Stored data entries:

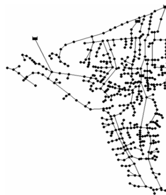
Fig. 3. Layout of Balerna network

관망의 설계에 사용되는 상업용 관의 경우 그 관경과 비용 사이의 관계가 비선형성을 나타내고, 수리해석 과정에 포함되는 요소 중 각 관로에서 흐르는 유량과 손실 수두를 산정하는 에너지 방정식의 경우에도 비선형성을 갖는다. 실제 상수도 관망의 경우 매우 방대한 경우의 수에 해당하는 가능 설계안이 존재하며, 각 관로에 흐르는 유량의 방향 또한 유동적이기 때문에 최적설계 과정에 어려움을 지닌다. 이에 다양한 메타휴리스틱 최적화 알고리즘들이 상수도 관망의 최적설계 문제에 적용되고 있다 [12-16].
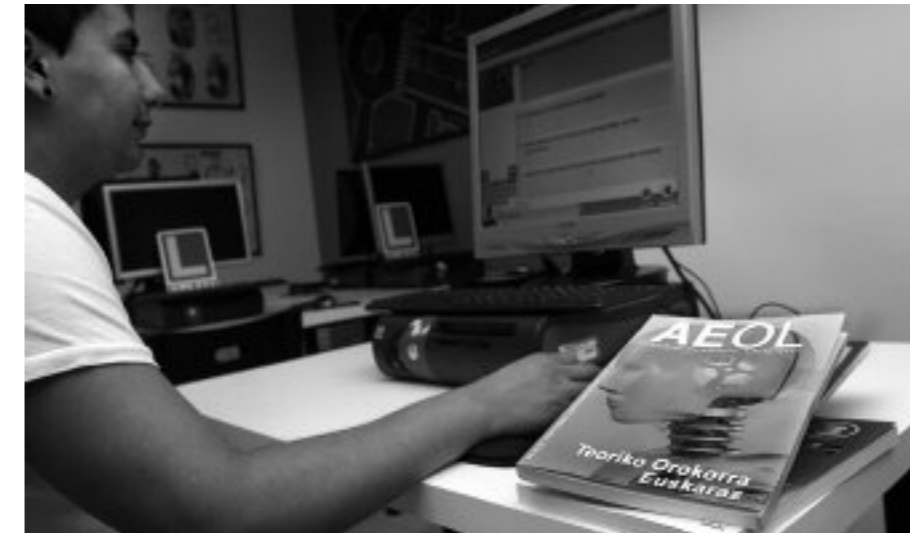
Getxoko bederatzid autoeskolak egin du bat ekimenagaz

ateratzeko aukera herriko bederatzid autoeskolatan
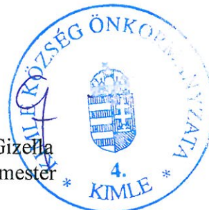
Eller Gizella polgármester
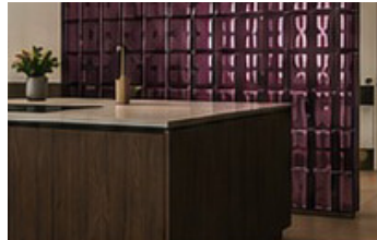
Cocina y barra

YOUR TASK: Only the lines from the one containing "Getxoko bederatzid autoeskolak" through the last line of the data belong in the copy, both included and reproduced exactly. Pictures do not.

SOLVED EXERCISE:
Getxoko bederatzid autoeskolak egin du bat ekimenagaz

ateratzeko aukera herriko bederatzid autoeskolatan
Eller Gizella polgármester
Cocina y barra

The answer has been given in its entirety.